In these circumstances, and given their entanglement with the lengthy process before the BIFR, the acquirers approached SEBI with a request to withdraw the offer. The legal question before SEBI was: “Whether the Open Offer made by the Acquirers can be allowed to be withdrawn in accordance with Regulation 23(1) of the Takeover Regulations, 2011?” SEBI then went on to interpret regulation 23(1) in the light of the Supreme Court decisions mentioned above. In a nutshell, sub-regulations (a),(b) and (c) of regulation 23(1) provide for specific circumstances under which the offer can be withdrawn, and sub-regulation (d) is broader and is attracted in “such circumstances as in the opinion of [SEBI], merit withdrawal”. The key issue was whether those decisions that were decided under the 1997 Regulations held good under the 2011 Regulations. SEBI answered categorically in the affirmative. Its key observations are as follows:
4.5.6 As stated in the preceding paragraph 4.5.2, the provisions of Regulation 23(1) of the Takeover Regulations, 2011, are similar to the provisions of Regulation 27(1) of the Takeover Regulations, 1997. Consequently, the ratio laid down by the Hon’ble Supreme Court in the matters of Nirma Industries Limited and Another vs. SEBI and SEBI v. Akshya Infrastructure Private Limited with respect to Regulations 27(1) of the Takeover Regulations, 1997, are squarely applicable to the provisions of Regulation 23(1) of the Takeover Regulations, 2011.
4.5.7 Placing reliance on the observations of the Supreme Court in the aforementioned matters, I find that an Open Offer once made under the Takeover Regulations, 2011, can only be withdrawn under the provisions of Regulations 23(1)(a), (b), (c) and (d) of such Regulations.
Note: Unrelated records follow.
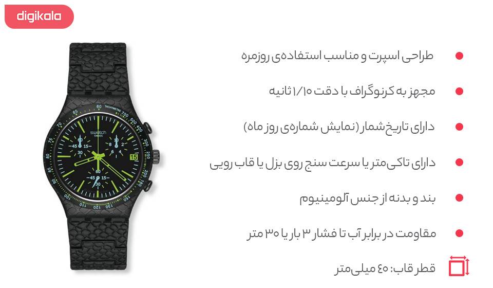 ساعت مردانه و اسپرت سواچ با ظاهر زیبایی که دارد، جذابیت پوشش روزانهی شما را تکمیل خواهد کرد. طراحی منحصربهفرد بند و بدنهی آلومینیومی و سه قابلیت اسپرت کرنوگراف، تاریخشمار و تاکیمتر، این مدل را به هدیهای مهیج و جذاب برای آقایان جوان تبدیل کرده است.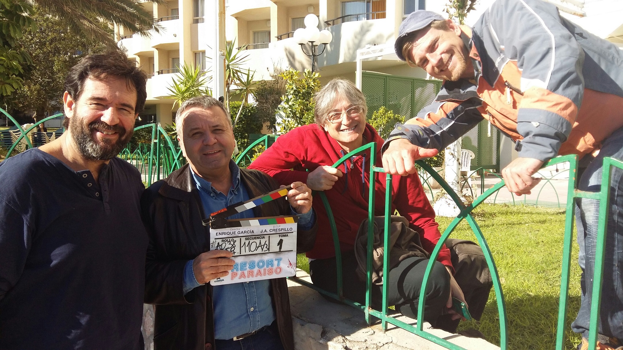 Hoy hemos recibido de nuevo a Paco Lomeña, de LoaSur, uno de los productores de ‘Resort Paraíso’ y alma del audiovisual malagueño durante más de 20 años (muchísimos profesionales han salido de Loasur, actores y técnicos, entre otros muchos, Aníbal Soto, que comenzó su carrera en televisión con ‘Plaza Alta’). Paco fue fundamental para darle a la producción el empujón definitivo para hacer esta película y convertir el proyecto en realidad. Hacía tiempo que buscábamos la oportunidad de trabajar juntos y por fin lo hemos conseguido.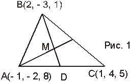 Задача 1. Найдите координаты центра тяжести М треугольника с вершинами А(-1, - 2, 8), В(2, - 3, 1), С(1, 4, 5). Указание. Центр тяжести треугольника совпадает с точкой пересечения его медиан.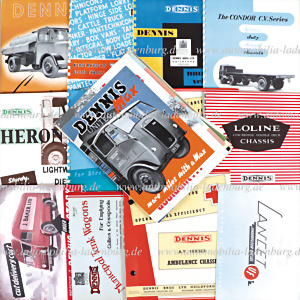Konvolut 38 tlg. 40er-50er Jahre Verkaufsprospekte/-Kataloge Nutzfahrzeuge, darunter z.B.: 8 Ringebundene Kataloge u.a.: von Ambulance Chassis; Pax 3; Condor; Heron, etc., 1947 Katalog "Municipal Tank Wagons"; "The Lancet three" Katalog; Prospekte zu Falcon, Jubilant; Lancet; Horla, etc.überwiegend engl. Text, guter Zustand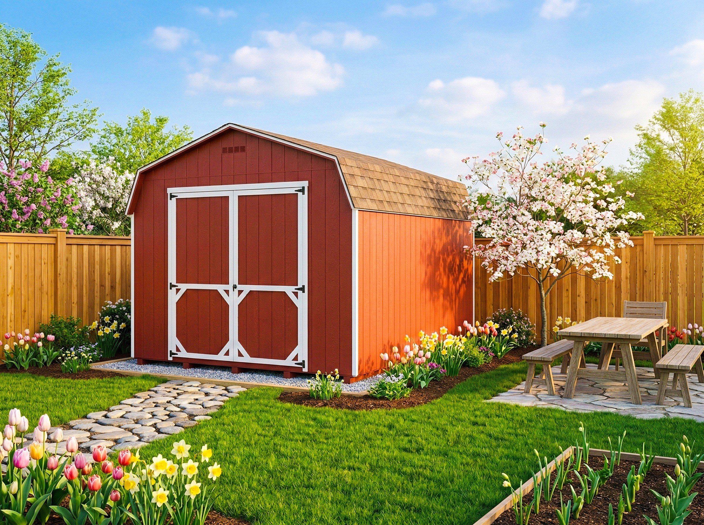 Showcasing the 10×12 Carolina Dutch shed (Model #2049S) with its bold red Smartside exterior, crisp white trim, and durable black shingled roof. The 5ft double doors make it easy to store larger equipment, and the barn-inspired design brings timeless appeal to any yard.
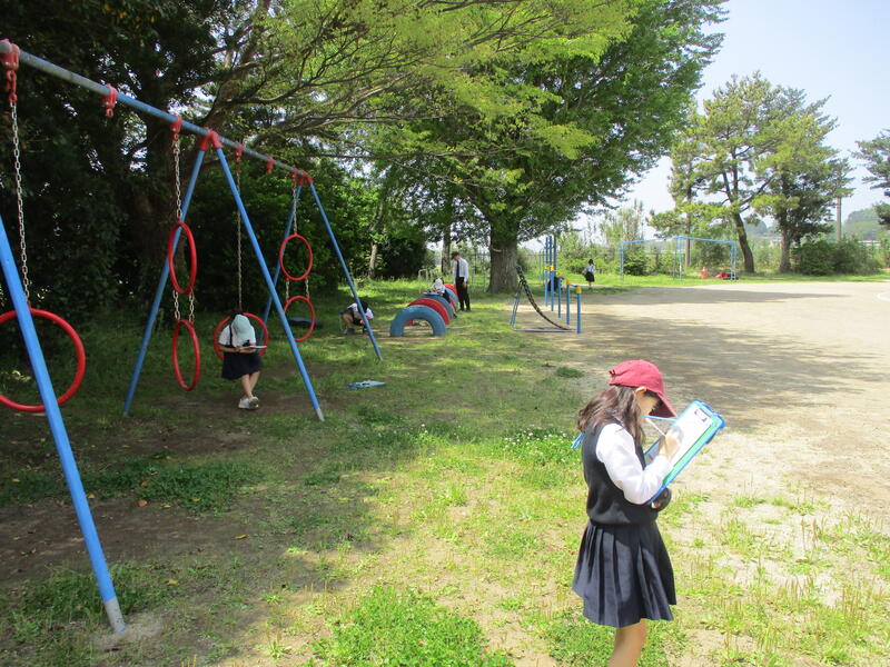 本日(4/18)の4時間目。3・4年生は、運動場で理科の学習をしていました。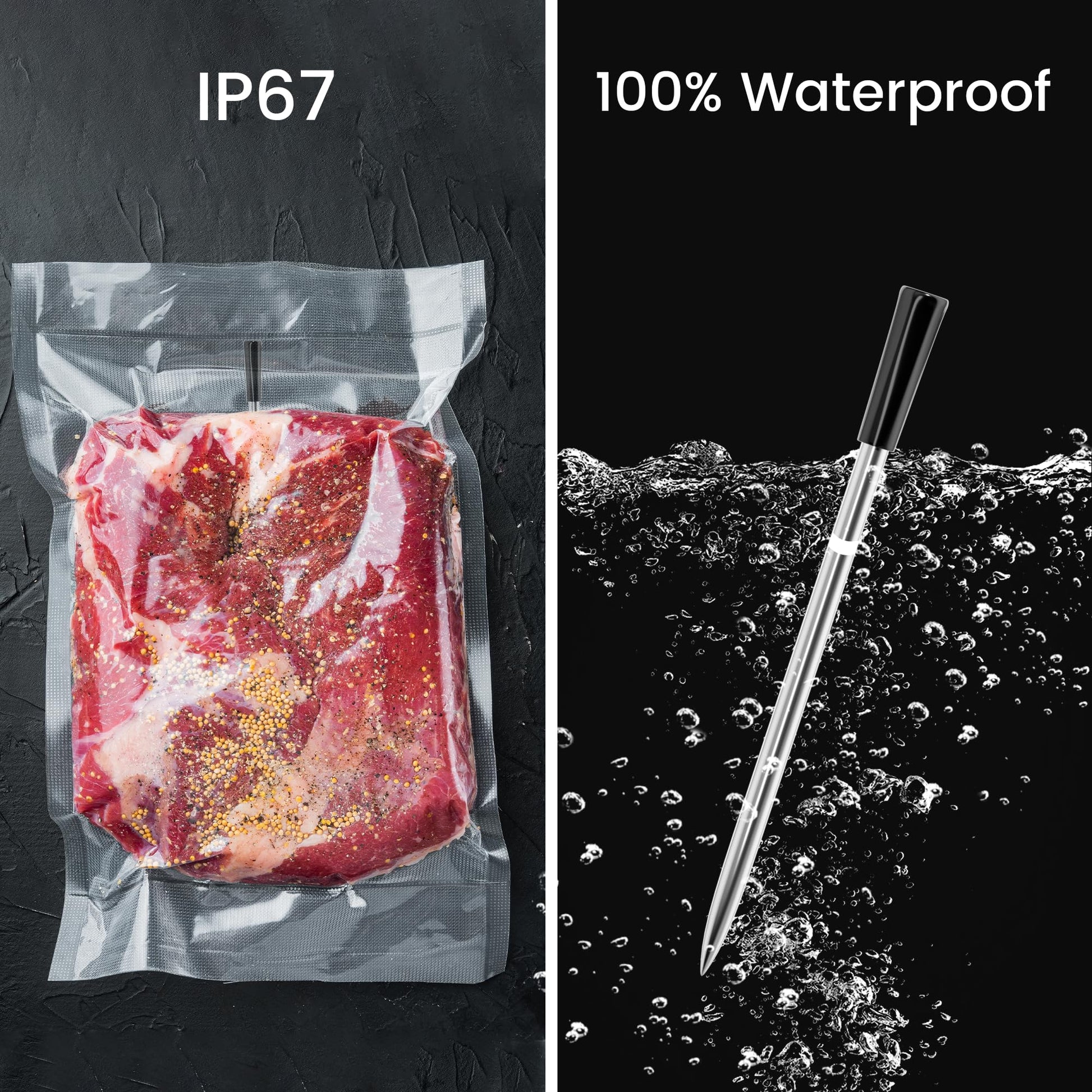 - User-Friendly Design: This meat thermometer for oven is designed with ease of use in mind. It’s IP67 waterproof and built to withstand tough conditions, making it the perfect digital cooking thermometer for any kitchen or outdoor grilling. Whether you’re monitoring with a thermometer meat device indoors or outdoors, it’s reliable and durable for every cooking scenario.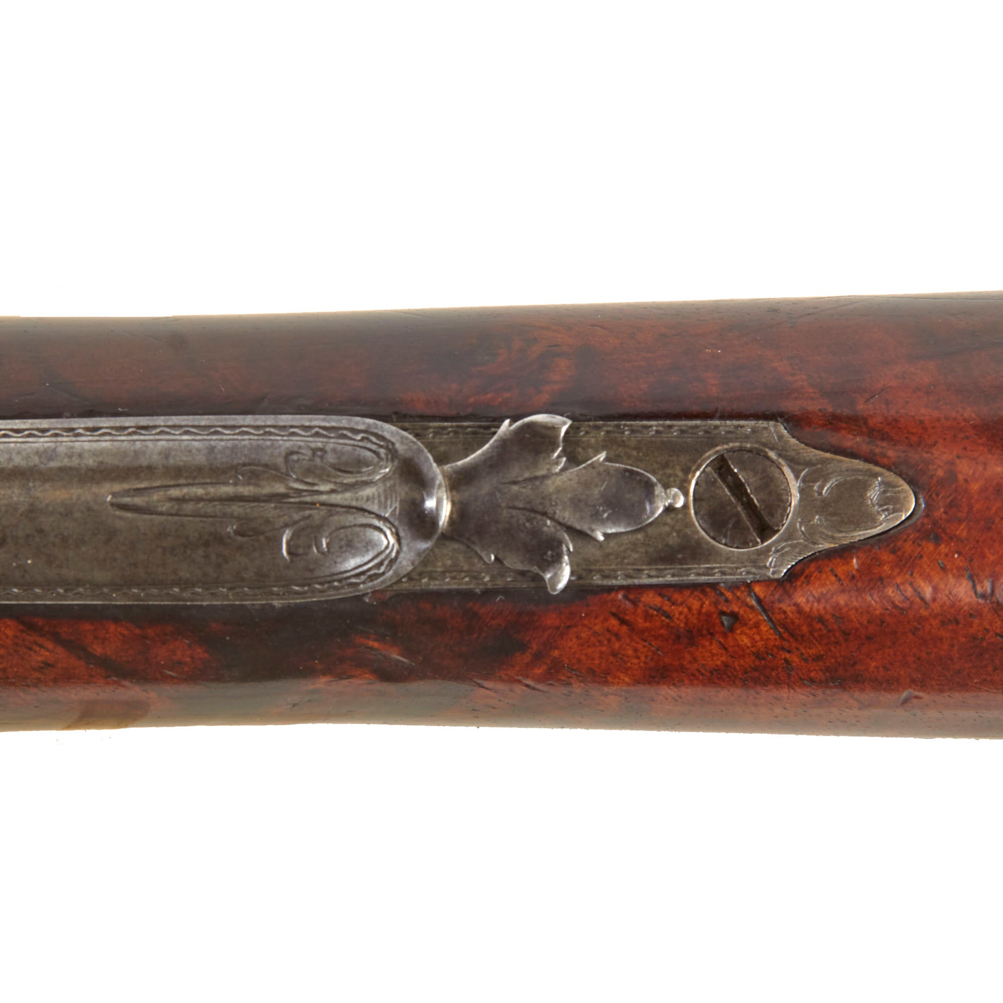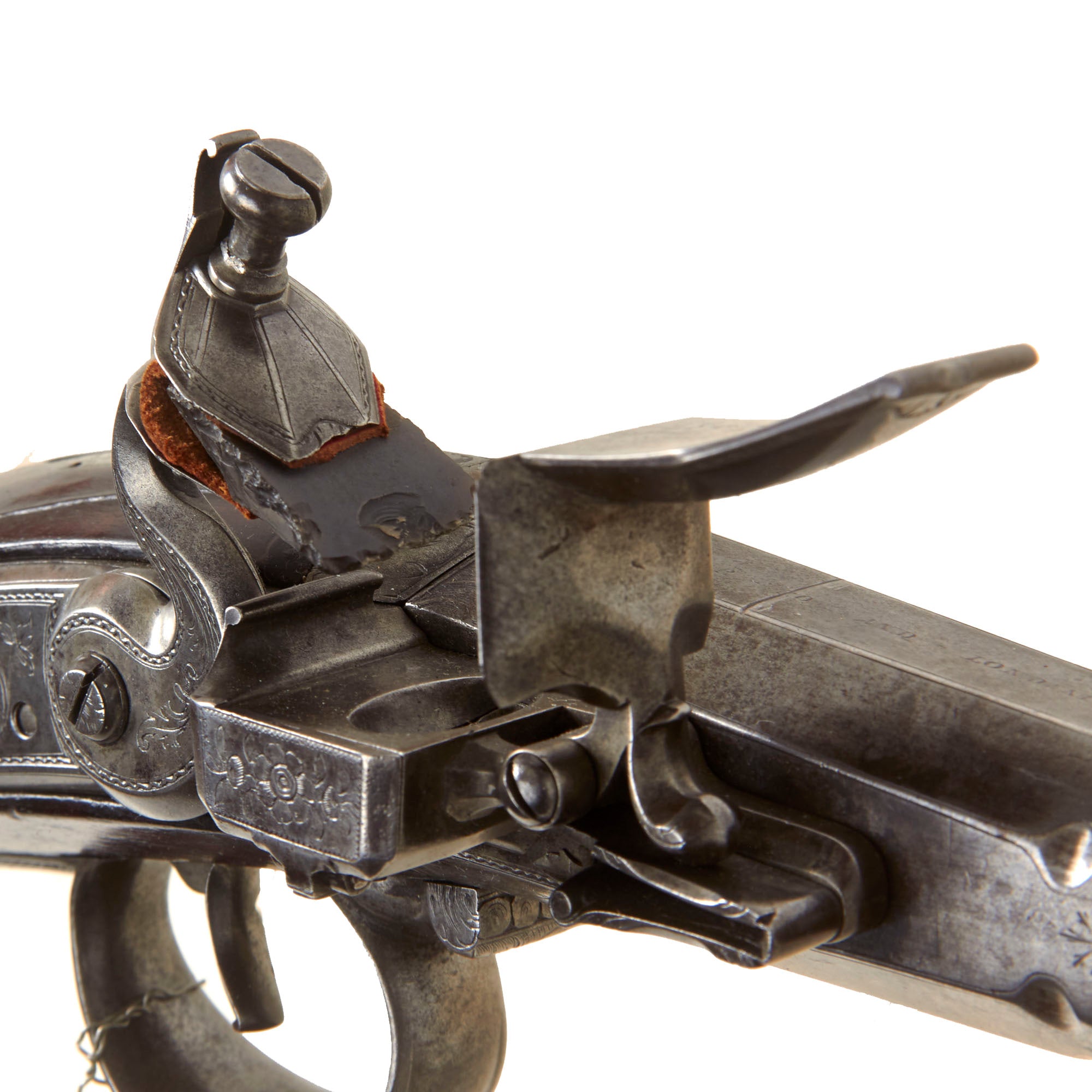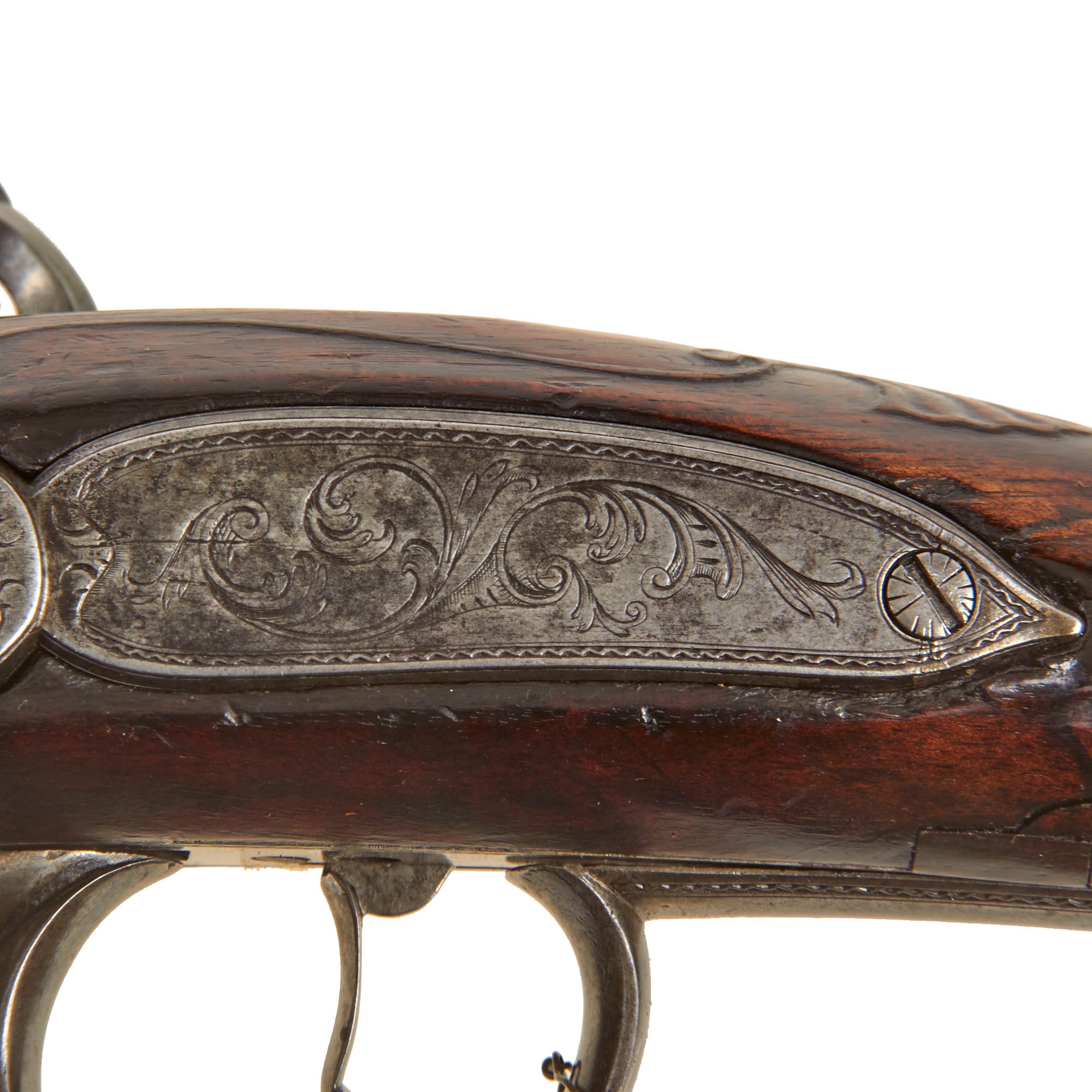 The lock plate is marked R / ROWLAND, while the top of the octagonal breech is inscribed R - ROWLAND - LONDINI, identifying the maker as Robert Rowland of London. “Londini” is the Latinized form of London, commonly used during the period. Rowland was admitted to the freedom of the Gunmakers’ Company by redemption on April 7, 1715, and died in 1721. He is known to have produced firearms for the London merchant John Tournay (“Near London Bridge or near Kingston in Surrey”), including both a gun and a rifle dated 1718, each employing the same breech-loading and self-priming system seen here. The left facet of the barrel bears the CROWN / GP gunmaker’s proof mark and the CROWN / V viewed mark from the London Proof House, with an R within a Vase mark between them, likely a personal proof mark used by Rowland.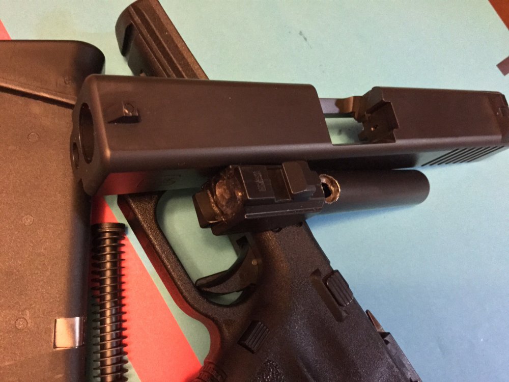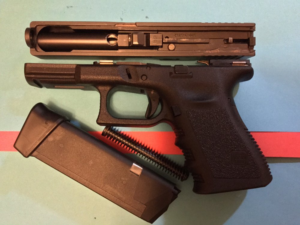 Предлагаю макет пистолета Глок-19 3-его поколения. Макет изготовлен из совершенно нового пистолета. Деактив предельно щадящий: сваркой залит патронник, за ним с нижней стороны выполнено сверление диаметром около 8 мм , больше никаких изменений в конструкцию не вносилось, ничего не восстанавливалось, не обновлялось и т. п. В комплекте магазин с увеличивающей общую емкость на два патроа пяткой. Цена 2200 долларов США. Кроме показанного на фотографиях никаких других запчастей не имеется. Все переговоры и пожелания только в " личке". С ув. Максим.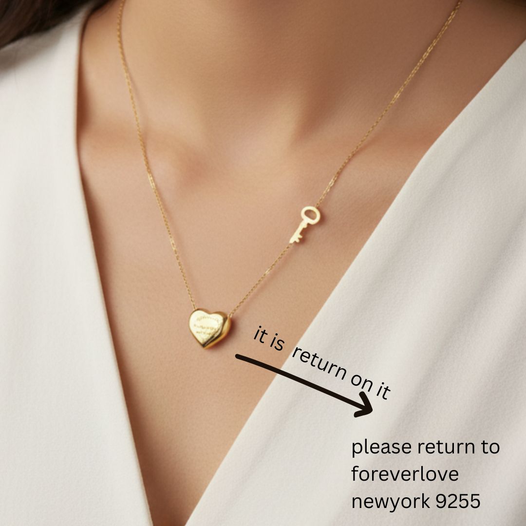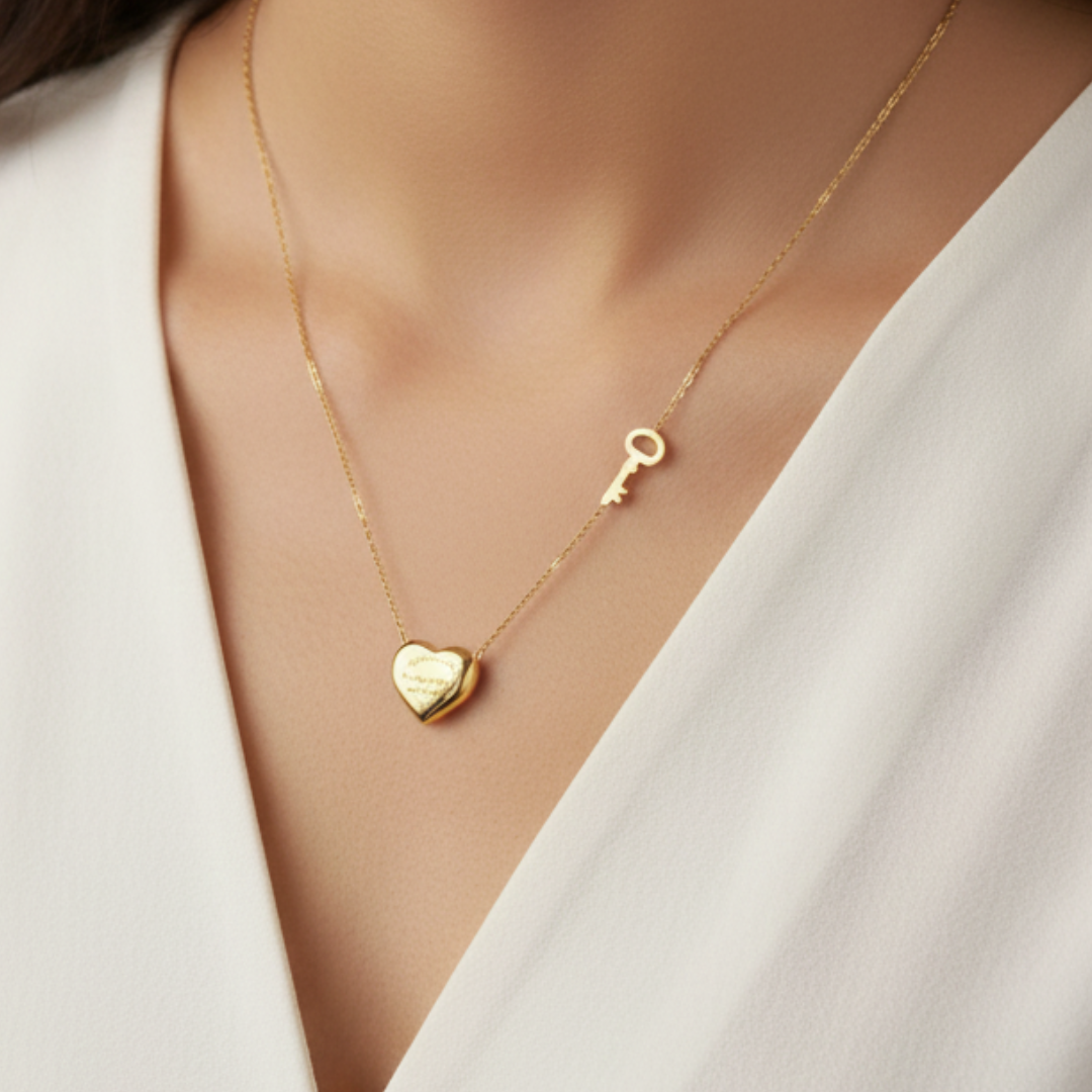 Minimal heart and key pendant necklace in yellow gold tone, symbolising love and connection. Lightweight, elegant and perfect for daily wear or gifting. Included a free gift.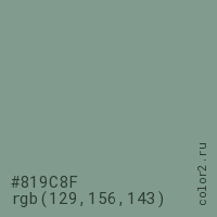 Цвет #819C8F в цветовой модели RGB обозначается тремя октетами (129, 156, 143) в десятичном формате и #819C8F в шестнадцатиричном (hex) формате, которые являются интенсивностью красного 129 (hex 81), интенсивность зелёного 156 (hex 9C) и интенсивность синего 143 (hex 8F).
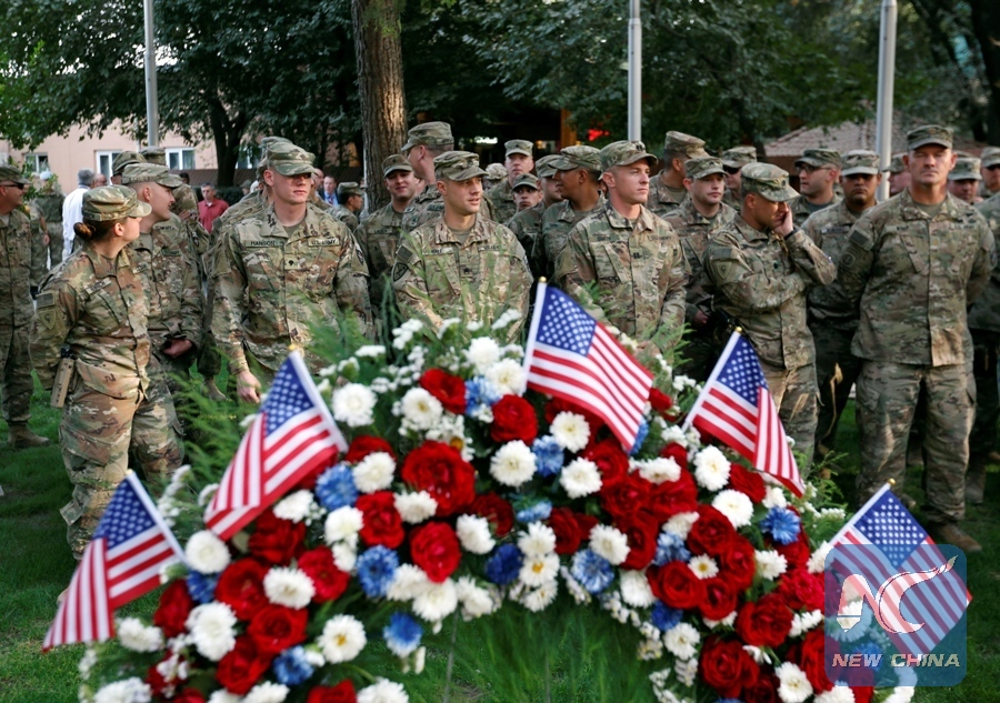U.S. soldiers take part in a memorial ceremony to commemorate the16th anniversary of the 9/11 attacks, in Kabul, Afghanistan, Sept. 11, 2017. (Xinhua/REUTERS)

Further, since withdrawal of the Open Offer in the instant proceedings only attracts the provisions of Regulation 23(1)(d) of the Takeover Regulations, 2011, the phrase ‘such circumstances’ under the said Regulation has to be read in accordance with the conditions stipulated in Regulations 23(1)(a), (b) and (c) of the Takeover Regulations, 2011.
Hence, the jurisprudence laid down under the 1997 Regulations continues to apply to the 2011 Regulations, which do not permit much greater leeway for acquirers to withdraw the offer.
An additional factor relevant in SEBI’s order relates to the interplay between the Takeover Regulations and the BIFR process under SICA. Given that the BIFR’s order stalling the takeover was only an interim one, which could possibly be lifted in the future, the completion of the offer was not an impossibility. Further, by asking the acquirers to approach the BIFR for their final decision, SEBI effectively lobbed the ball back onto BIFR’s court.